Roberts v. Mullen

446 S.W.2d 86, 1969 Tex. App. LEXIS 2109
CourtCourt of Appeals of Texas
DecidedSeptember 29, 1969
Docket17327
StatusPublished
Cited by23 cases

This text of 446 S.W.2d 86 (Roberts v. Mullen) is published on Counsel Stack Legal Research, covering Court of Appeals of Texas primary law. Counsel Stack provides free access to over 12 million legal documents including statutes, case law, regulations, and constitutions.

Bluebook
Roberts v. Mullen, 446 S.W.2d 86, 1969 Tex. App. LEXIS 2109 (Tex. Ct. App. 1969).

Opinion

DIXON, Chief Justice.

J. C. Roberts has appealed from a judgment against him in the total principal amount of $10,446.25 in favor of appellees John W. Mullen and Waldo S. Powell for $5,223.12 each. There are two other parties, both of them plaintiffs in the trial court: Trans-Continental Leasing Corporation and Airlines Industrial Design Engineering Services, Inc. Neither of the corporate plaintiffs was allowed any recovery.

This is the second time this case has been brought before us by appellant Roberts, the first time being by writ of error.
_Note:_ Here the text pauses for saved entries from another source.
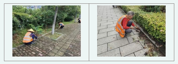 行动主要采用人工清理的方式,重点清理绿化带、人行道以及背街小巷周边的杂物、杂草与累积尘沙。清理现场,每一个环卫工人都是“清理达人”,针对不同位置、不同大小的杂草使用不同的工具,生长范围较大或植株较大的直接用铁锹铲去,植株较小的或生长在树坑内、休闲座椅下方等位置较为隐蔽的则用铲子一点一点铲除,甚至直接徒手连根拔除,并同步将草丛中、绿化带中的垃圾清理干净,将偏僻小巷、角落的大件陈年垃圾清运走。
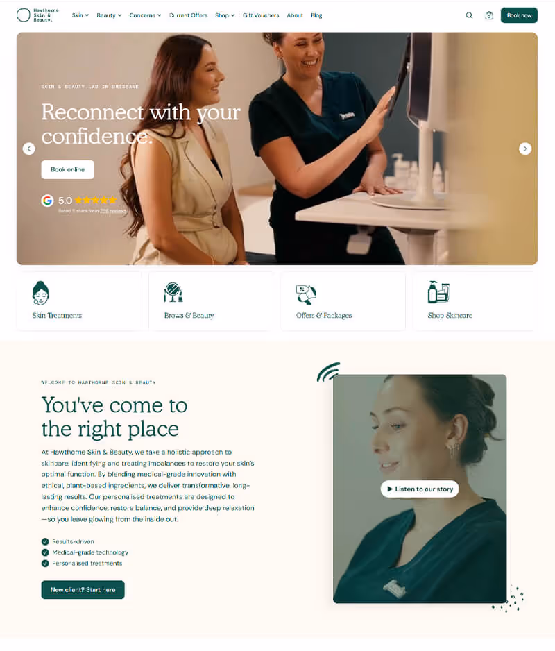 Hawthorne Skin & Beauty’s transformation with G-Site turned an outdated site into a thriving digital storefront that mirrors their in-clinic excellence. With a powerful mix of design, SEO, and conversion strategy, the new platform attracts, educates, and converts with ease — helping more clients fall in love with their skin every day.
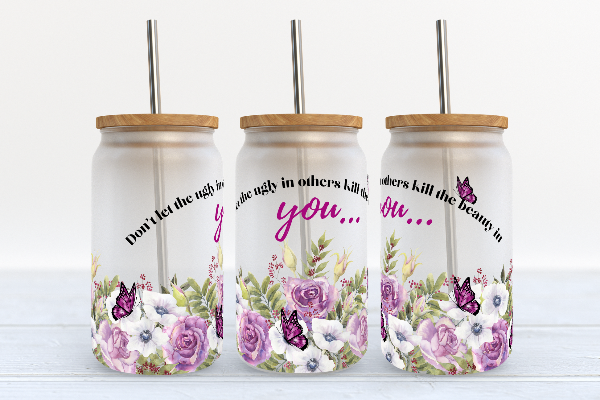 ntroducing the "Beauty in You" Glass Can, adorned with stunning purple roses and butterflies. This 16oz glass tumbler is more than just a drinkware item – it's a celebration of beauty and nature, offering a refreshing way to enjoy your cold beverages.
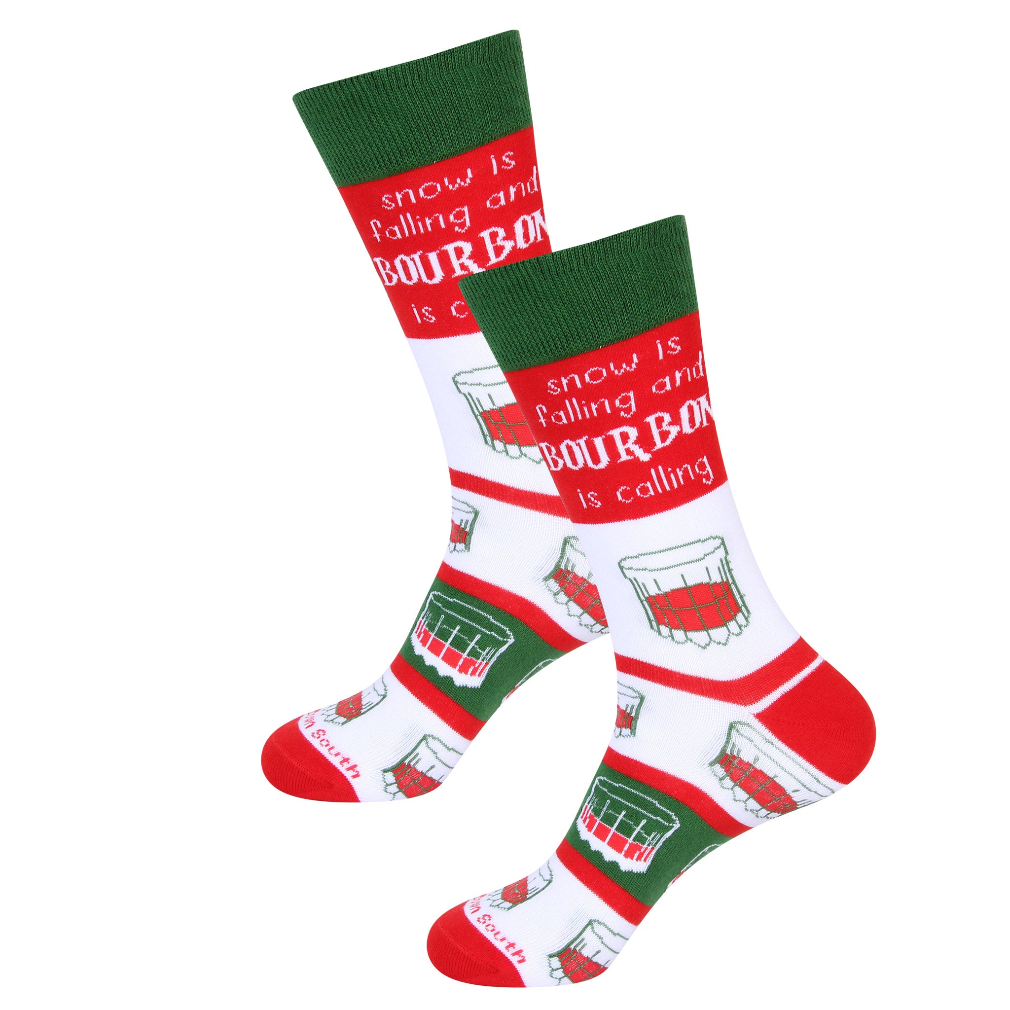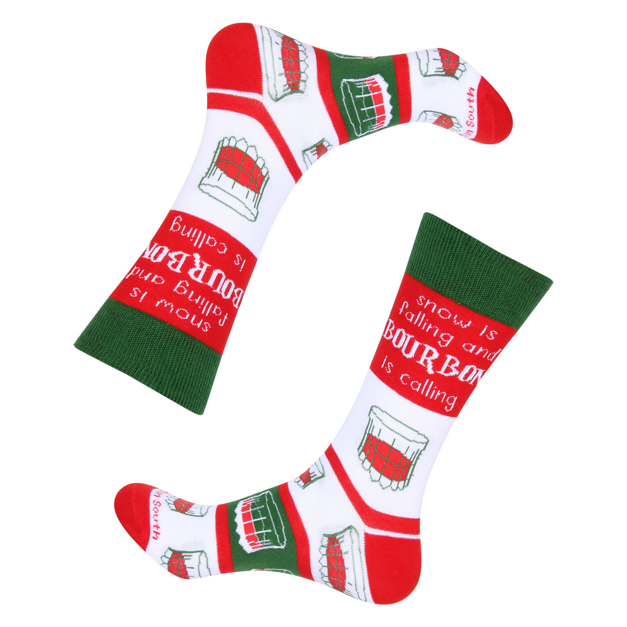 Snow is Falling And Bourbon Is Calling Red/Green/White Socks
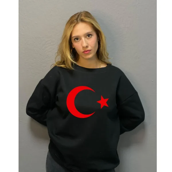 Türk Bayraklı Özel Baskılı Tasarım 3 İplik Şardonlu Oversize Sweatshirt

Roberts v. Mullen, 417 S.W.2d 74 (Tex.Civ.App., Dallas 1967, affirmed 423 S.W.2d 576).

The record on the first appeal shows that the plaintiffs in the trial court had demanded a jury and paid the jury fee. Defendant Roberts through his attorney filed an answer. On Thursday, March 17, 1966 the attorney of record for Roberts was granted leave to withdraw as his attorney. On March 21, 1966, four days later, judgment was rendered against Roberts for $10,446.25 in favor of the four plaintiffs jointly. Neither Roberts nor any attorney representing him was present in court at the time judgment was rendered. Roberts insisted on the first appeal and still stoutly *88 insists that he was not notified and did not know that his attorney had withdrawn from the case on March 17, 1966, and did not know until much later that judgment had been rendered against him on March 21, 1966. He also says that no evidence was heard or offered at the hearing on March 21, 1966. In support of his claim he submitted a statement by the court reporter that she had not reported any evidence. There was no statement of facts. However, the judgment itself recited that the defendant had been “advised of said hearing and the time and place thereof” and that the court rendered judgment “after consideration of the evidence.” We held that we were required to accept the recitations in the judgment.

We reversed the trial court’s judgment on two grounds: (1) that Roberts had wrongfully been denied a jury trial and (2) the judgment was at variance with the pleadings in that the plaintiffs had been awarded a joint judgment whereas they had pleaded only several causes of action.

Our Supreme Court differed with us as to the first of the above holdings, but agreed with us as to the second. Our judgment was affirmed by the Supreme Court. Mullen et al v. Roberts, 423 S.W.2d 576, 579 (Tex.Sup.1968).

Following reversal and remand of the case to the trial court appellant Roberts himself asked for a jury, amended his pleadings and filed a counterclaim for wrongful execution. Rule 97, Vernon’s Texas Rules of Civil Procedure. He alleged that under the prior judgment against him appellees caused an execution to issue, seized and sold his property, bought the property in themselves, failed to make installment payments on existing mortgages and allowed the mortgages to be foreclosed, thus depriving Roberts of his equity in the various properties.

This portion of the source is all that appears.